In order for the Court to determine whether the taxpayer provided over one-half of the cost of maintaining the household, the taxpayer must prove the total cost of maintaining the household. Costs of maintaining a household include “property taxes, mortgage interest, rent, utility charges, upkeep and repairs, property insurance, and food consumed on the premises.” Sec. 1.2-2(d), Income Tax Regs.
As indicated, petitioner testified that he gave his domestic partner approximately $400 per month for household expenses and expended approximately $200 per month on food for the household. There is no evidence of the total cost of maintaining the household. Without evidence showing the total cost, the Court cannot conclude that petitioner has provided more than one-half of the cost of maintaining the household. Since petitioner has not provided evidence to show he maintained the household as defined in the regulations, he is not entitled to head of household filing status.
III. Earned Income Credit
An eligible individual is entitled to a credit against his Federal income tax liability, calculated as a percentage of his earned income, subject to certain limitations. Sec. 32(a)(1); Rowe v. Commissioner, supra at 15. Different percentages and amounts are used to calculate the EIC, depending on whether the eligible individual has no qualifying children, one qualifying child, or two or more qualifying children. Sec. 32(b); Rowe v. Commissioner, supra at 15. A “qualifying child” means a qualifying child of the taxpayer as defined in section 152(c). Sec. 32(c)(3)(A).

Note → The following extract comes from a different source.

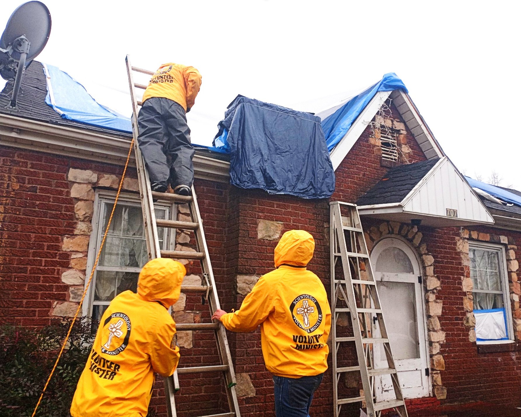 A petición de un pastor cuya iglesia había sido destruida por el tornado, los Ministros Voluntarios despejaron el patio alrededor de la iglesia para que se pudieran poner carpas para los feligreses que necesitaban albergue. Y siempre que para de llover los voluntarios se apresuran a poner lonas en los tejados de las casas que están dañadas pero no destruidas.
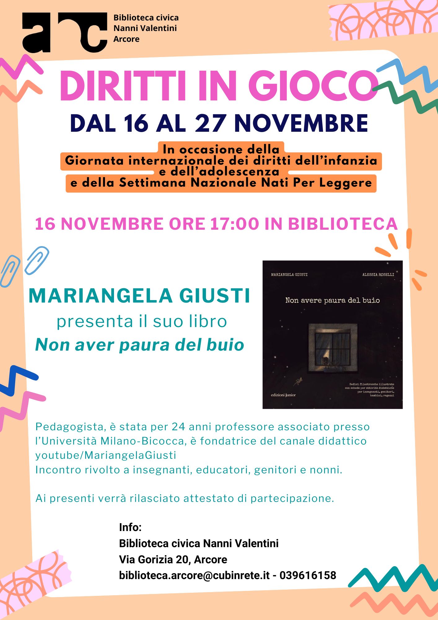 L’incontro è rivolto a insegnanti, educatori, genitori e nonni e a tutti coloro che hanno a cuore l’educazione dei bambini. Ai presenti verrà rilasciato l’attestato di partecipazione.

As previously discussed, A.M. and S.M. are petitioner's qualifying children; thus, petitioner is entitled to the EIC for 2007 with two qualifying children.
IV. Child Tax Credits
Section 24(a) provides a credit with respect to each qualifying child of the taxpayer. Section 24(c)(1) defines the term “qualifying child” as “a qualifying child of the taxpayer (as defined in section 152(c)) who has not attained age 17.” 4 The child tax credit may not exceed the taxpayer's regular tax liability. Sec. 24(b)(3). Where a taxpayer is eligible for the child tax credit but the taxpayer's regular tax liability is less than the amount of the child tax credit potentially available under section 24(a), section 24(d) makes a portion of the credit, known as the additional child tax credit, refundable.
Since A.M. and S.M. are qualifying children and as noted above were below the age 17 in 2007, petitioner is entitled to the child tax credit and the additional child tax credit.
To reflect the foregoing,
Decision will be entered under Rule 155.

Footnotes


1
The Court refers to minor children by their initials. Rule 27(a)(3).
2
Petitioner's income, without claiming the dependency exemption deductions, would make him ineligible for the EIC. Changing his filing status and disallowing the deductions and credits would show petitioner owing a tax of about $162. This amount, in addition to the $5,678 refund, results in the deficiency of $5,840.
3
We recognize that our conclusion suggests a finding that virtually all of petitioner's expendable income went to support the children. We found petitioner's testimony to be credible, and we are satisfied that he was committed to caring for his sister's children at a time when his sister was unable to care for them.
4
The credit is reduced by $50 for each $1,000 (or fraction thereof) by which an individual's modified adjusted gross income exceeds $110,000 in the case of a joint return, $75,000 in the case of an unmarried individual, and $55,000 in the case of a married individual filing a separate return. Sec. 24(b).